COMPOSER: What is music then?
[With almost drunken solemnity] Music is a holy art, which brings together all men of courage, like cherubim around a shining throne, and for this reason it is the holiest of the arts. Holy music!
[ZERBINETTA appears at the back and calls her partners onto the stage. HARLEKIN comes hastily out of the room on the right, buckling his belt as he runs onstage.]
What is that? From where?
[SCARAMUCCIO enters, like HARLEKIN finishing his dressing as he comes.]
These creatures!
[TRUFFALDIN and BRIGHELLA enter.]
In my holy sanctuary cutting their capers! Ah!
MUSIC MASTER: You allowed it!
COMPOSER [furious]: I ought not to have allowed it; you shouldn't have allowed me to allow it! Who told you to drag me into this world? Let me freeze, starve, die in my own!
[He runs off in despair. The MUSIC MASTER looks after him, shaking his head.]
-- English translation by Peggie Cochrane


Julia Varady (s), Composer; Dietrich Fischer-Dieskau (b), Music Master; Gewandhaus Orchestra (Leipzig), Kurt Masur, cond. Philips, recorded January 1988

Imrgard Seefried (s), Composer; Paul Schoeffler (bs-b), Music Master; Vienna State Opera Orchestra, Karl Böhm, cond. Live performance in honor of Strauss's 80th birthday, June 11, 1944

Tatiana Troyanos (ms), Composer; Paul Schoeffler (bs-b), Music Master; Vienna State Opera Orchestra, Karl Böhm, cond. Live performance, Nov. 29, 1967

[in English] Janet Baker (ms), Composer; Malcolm Donnelly (b), Music Master; Scottish Chamber Orchestra, Norman Del Mar, cond. Live performance from Glasgow's Theater Royal, 1977

by Ken

In last week's post, "Why won't everyone just let poor abandoned Ariadne die in peace?," as we focused on the two-part monologue of the title character of Hugo von Hofmannsthal's Ariadne auf Naxos, one thing I was constantly on the verge of saying was: Just listen to the epic, unrestrained gorgeousness of this music. For sheer unrestrained gorgeousness, I'm not sure I know anything like it in all of music. Somehow, though, I managed to leave it to the music to speak for itself.

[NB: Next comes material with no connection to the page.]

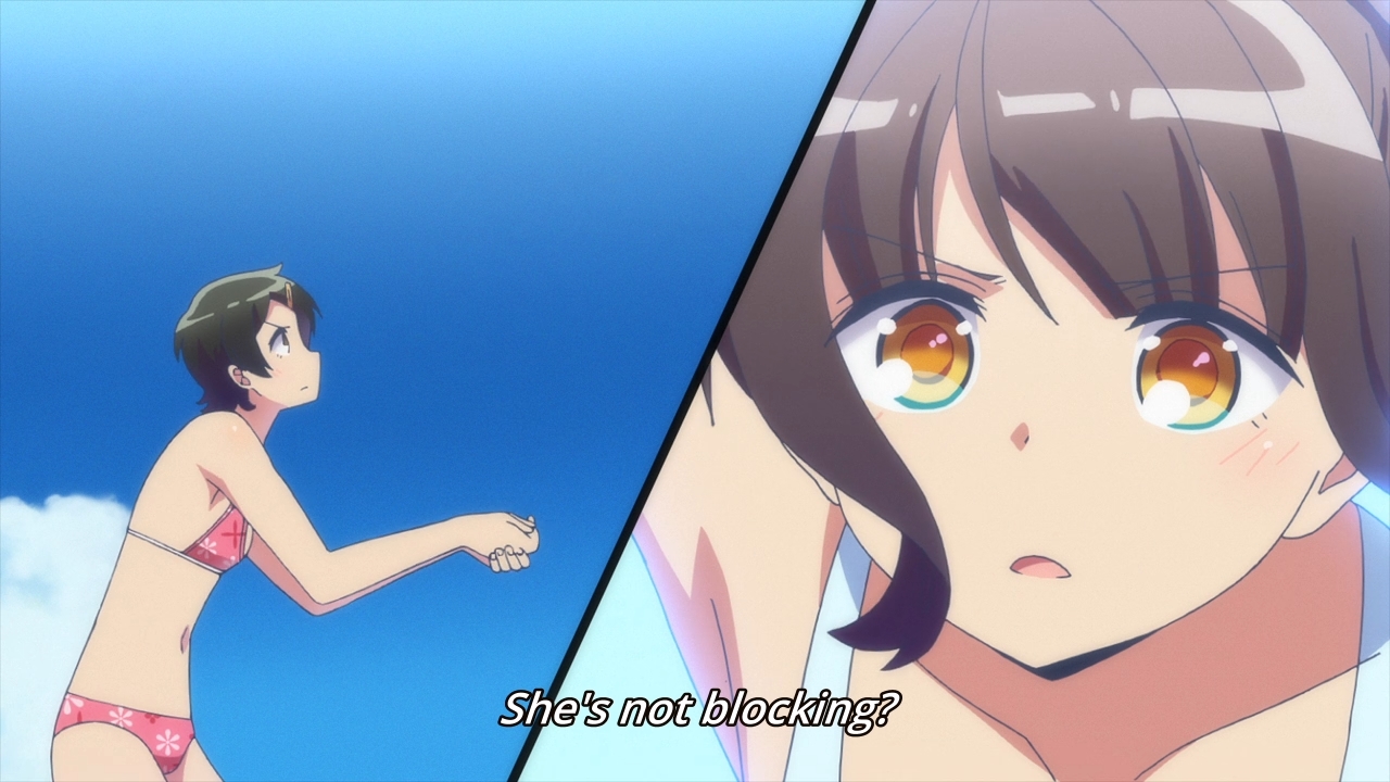— During the break between sets, Kanata laments that her pokeys aren’t working anymore. Yeah, that’s ’cause you keep using it. I don’t remember Emily telling the girl to go to it every single time. You’d think someone who loves volleyball as much as she does would switch it up. Okay, she’s too small to be a power player, but that doesn’t mean every hit has to be a pokey.

Last week we were stressing the "serious" side of Ariadne -- without, I hope, completely losing sight (or sound) of the comic side, because it's the combination of the two that make the opera, in its revised 1916 form, with the Prologue added, such a treasure -- treasured not least by its composer. It wasn't an accident that it was chosen to honor Strauss on his 80th birthday, via the performance from which we heard the whole Prologue in the October 11 post "Meet the composer, Richard Strauss-style."


"MUSIC IS A HOLY ART"

I don't doubt for a moment that Strauss believed these words that he and librettist Hugo von Hofmannsthal put into the mouth of their over-the-top idealistic young Composer -- and I don't think his cosmically reverberant setting of these words leaves much room for doubt. At the same time, I seriously doubt that he would have been blunt enough to say so onstage if the saying weren't done by this lovingly but comically over-intense young man.

Meanwhile, the combination of thinking about the radiant beauty of Ariadne's monologue and rehearing for the first time in a long while Lisa della Casa's 1958 EMI studio recording of excerpts from Ariadne (which I don't think was ever actually released in the U.S.; I'm only aware of a German Odeon import LP, which I never actually owned) got me to thinking about Strauss's musical farewell, the four songs with orchestral accompaniment which he completed when he was 84, and which were performed and published posthumously as his Four Last Songs, of which della Casa made a recording that I was now curious to hear again.

So that's what we're going to do now without further ado. Well, only the two "easy" songs among them, the seasonal numbers, "Spring" and "September." And I wonder if it occurs to you that the musical settings at first seem backwards -- "Spring" seeming to carry a definite chill, while "September," which leads us from summer to fall, has a distinctly "greener" feel.

My plan was to play a little with these two songs, and we may yet do that, either in a "Part 2" post later today (I have things to do this afternoon!) or in a separate post next week, or some other week. For now, though, let's just listen to Lisa.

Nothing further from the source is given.